» TASK STATEMENT:
Go through the listing and return every line with "avec" in it.

» THE INPUT:
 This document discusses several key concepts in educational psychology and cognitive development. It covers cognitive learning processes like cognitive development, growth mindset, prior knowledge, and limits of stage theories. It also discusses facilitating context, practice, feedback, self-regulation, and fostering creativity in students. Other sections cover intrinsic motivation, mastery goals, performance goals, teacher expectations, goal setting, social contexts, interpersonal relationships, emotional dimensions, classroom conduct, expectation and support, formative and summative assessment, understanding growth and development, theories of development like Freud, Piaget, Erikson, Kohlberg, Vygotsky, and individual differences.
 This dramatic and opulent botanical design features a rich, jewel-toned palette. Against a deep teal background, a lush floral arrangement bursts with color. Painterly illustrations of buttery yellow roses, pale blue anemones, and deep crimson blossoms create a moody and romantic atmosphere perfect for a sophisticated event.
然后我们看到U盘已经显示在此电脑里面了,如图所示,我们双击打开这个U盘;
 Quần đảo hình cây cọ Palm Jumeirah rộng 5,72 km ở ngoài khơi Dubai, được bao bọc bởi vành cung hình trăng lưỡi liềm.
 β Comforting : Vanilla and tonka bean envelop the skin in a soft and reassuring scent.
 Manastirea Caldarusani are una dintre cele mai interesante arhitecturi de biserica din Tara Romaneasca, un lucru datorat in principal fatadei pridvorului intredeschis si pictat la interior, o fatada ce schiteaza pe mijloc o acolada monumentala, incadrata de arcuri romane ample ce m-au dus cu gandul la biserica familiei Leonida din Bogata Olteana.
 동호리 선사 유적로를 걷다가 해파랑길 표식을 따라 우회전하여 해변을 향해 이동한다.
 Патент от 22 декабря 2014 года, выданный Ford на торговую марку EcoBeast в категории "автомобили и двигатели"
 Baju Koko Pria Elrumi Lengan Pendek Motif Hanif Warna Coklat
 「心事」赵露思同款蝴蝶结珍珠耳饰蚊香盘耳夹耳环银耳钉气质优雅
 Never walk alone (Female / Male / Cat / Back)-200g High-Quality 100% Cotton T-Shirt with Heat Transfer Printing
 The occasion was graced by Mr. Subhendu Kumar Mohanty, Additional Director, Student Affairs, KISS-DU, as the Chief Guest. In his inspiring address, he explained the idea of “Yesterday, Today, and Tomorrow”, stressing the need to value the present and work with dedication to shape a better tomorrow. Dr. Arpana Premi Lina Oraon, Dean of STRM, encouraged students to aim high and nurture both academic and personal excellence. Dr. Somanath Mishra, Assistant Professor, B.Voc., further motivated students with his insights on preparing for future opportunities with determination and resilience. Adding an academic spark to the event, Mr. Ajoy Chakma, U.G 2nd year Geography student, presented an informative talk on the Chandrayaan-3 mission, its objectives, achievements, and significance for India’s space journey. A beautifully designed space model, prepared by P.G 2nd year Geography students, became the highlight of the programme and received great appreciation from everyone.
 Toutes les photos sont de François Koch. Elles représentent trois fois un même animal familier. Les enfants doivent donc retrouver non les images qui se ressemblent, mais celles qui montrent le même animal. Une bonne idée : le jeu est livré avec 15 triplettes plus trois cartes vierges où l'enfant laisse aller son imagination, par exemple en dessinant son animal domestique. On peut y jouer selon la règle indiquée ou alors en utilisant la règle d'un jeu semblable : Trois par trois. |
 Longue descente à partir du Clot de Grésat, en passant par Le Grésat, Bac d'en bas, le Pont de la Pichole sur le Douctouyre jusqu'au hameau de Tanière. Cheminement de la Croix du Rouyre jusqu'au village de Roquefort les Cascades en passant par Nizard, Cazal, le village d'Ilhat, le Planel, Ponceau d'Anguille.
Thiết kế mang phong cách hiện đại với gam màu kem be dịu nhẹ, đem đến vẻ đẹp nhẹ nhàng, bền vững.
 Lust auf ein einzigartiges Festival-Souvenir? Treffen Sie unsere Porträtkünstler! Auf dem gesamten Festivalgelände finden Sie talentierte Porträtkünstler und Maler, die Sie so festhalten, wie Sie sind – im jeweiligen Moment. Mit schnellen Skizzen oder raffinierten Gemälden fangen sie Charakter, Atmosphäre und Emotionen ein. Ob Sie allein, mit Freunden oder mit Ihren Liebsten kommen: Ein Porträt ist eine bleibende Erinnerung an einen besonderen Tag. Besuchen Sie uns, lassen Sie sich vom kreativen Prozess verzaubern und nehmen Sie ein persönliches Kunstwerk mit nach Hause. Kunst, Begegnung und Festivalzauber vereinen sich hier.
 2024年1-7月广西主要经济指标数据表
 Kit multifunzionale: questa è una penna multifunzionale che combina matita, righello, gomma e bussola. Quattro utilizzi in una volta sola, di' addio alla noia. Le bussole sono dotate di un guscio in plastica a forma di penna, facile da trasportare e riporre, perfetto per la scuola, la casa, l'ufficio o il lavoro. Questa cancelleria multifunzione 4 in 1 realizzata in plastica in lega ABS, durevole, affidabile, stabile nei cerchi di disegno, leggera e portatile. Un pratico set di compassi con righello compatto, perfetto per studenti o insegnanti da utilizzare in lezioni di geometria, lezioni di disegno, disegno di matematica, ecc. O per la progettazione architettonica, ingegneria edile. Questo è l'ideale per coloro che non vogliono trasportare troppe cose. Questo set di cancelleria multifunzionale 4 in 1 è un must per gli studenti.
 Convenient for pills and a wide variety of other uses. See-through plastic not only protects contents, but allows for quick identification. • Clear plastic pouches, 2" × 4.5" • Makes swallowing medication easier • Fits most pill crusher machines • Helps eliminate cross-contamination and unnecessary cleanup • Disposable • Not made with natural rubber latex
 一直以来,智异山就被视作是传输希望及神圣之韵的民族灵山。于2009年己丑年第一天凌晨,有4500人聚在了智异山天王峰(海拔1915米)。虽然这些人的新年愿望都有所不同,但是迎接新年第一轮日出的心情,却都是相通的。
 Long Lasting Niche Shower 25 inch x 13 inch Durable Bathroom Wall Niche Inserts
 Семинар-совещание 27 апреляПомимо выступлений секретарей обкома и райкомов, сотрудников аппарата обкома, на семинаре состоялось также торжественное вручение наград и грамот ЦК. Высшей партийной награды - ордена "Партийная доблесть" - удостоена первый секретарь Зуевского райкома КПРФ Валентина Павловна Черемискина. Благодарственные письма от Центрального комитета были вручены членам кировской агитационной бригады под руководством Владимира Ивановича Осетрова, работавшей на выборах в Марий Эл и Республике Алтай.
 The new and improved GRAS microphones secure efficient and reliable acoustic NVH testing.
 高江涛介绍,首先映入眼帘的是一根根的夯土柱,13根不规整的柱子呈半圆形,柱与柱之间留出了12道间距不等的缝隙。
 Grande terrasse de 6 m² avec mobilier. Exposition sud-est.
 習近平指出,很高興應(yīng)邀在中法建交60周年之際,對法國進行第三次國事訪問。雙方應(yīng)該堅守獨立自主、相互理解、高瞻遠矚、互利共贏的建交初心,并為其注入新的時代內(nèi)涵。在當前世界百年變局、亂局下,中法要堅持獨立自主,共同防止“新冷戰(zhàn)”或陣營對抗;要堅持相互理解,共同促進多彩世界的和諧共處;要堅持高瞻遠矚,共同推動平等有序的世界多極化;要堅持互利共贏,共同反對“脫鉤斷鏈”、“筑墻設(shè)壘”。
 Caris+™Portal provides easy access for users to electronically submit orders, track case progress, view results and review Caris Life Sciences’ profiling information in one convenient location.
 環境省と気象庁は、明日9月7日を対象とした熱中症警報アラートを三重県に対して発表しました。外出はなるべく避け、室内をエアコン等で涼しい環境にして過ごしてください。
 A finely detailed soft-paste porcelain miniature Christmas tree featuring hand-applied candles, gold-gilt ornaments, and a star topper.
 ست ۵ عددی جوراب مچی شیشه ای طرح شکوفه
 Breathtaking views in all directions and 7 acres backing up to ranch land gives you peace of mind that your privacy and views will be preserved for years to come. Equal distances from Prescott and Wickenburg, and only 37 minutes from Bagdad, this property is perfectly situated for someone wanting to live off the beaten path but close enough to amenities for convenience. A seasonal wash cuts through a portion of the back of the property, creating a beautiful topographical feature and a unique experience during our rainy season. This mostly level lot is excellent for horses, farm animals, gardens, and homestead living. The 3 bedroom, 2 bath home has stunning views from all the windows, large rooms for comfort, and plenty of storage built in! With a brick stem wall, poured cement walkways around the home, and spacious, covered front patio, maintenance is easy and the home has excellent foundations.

» SOLUTION BELOW:
 Toutes les photos sont de François Koch. Elles représentent trois fois un même animal familier. Les enfants doivent donc retrouver non les images qui se ressemblent, mais celles qui montrent le même animal. Une bonne idée : le jeu est livré avec 15 triplettes plus trois cartes vierges où l'enfant laisse aller son imagination, par exemple en dessinant son animal domestique. On peut y jouer selon la règle indiquée ou alors en utilisant la règle d'un jeu semblable : Trois par trois. |
 Grande terrasse de 6 m² avec mobilier. Exposition sud-est.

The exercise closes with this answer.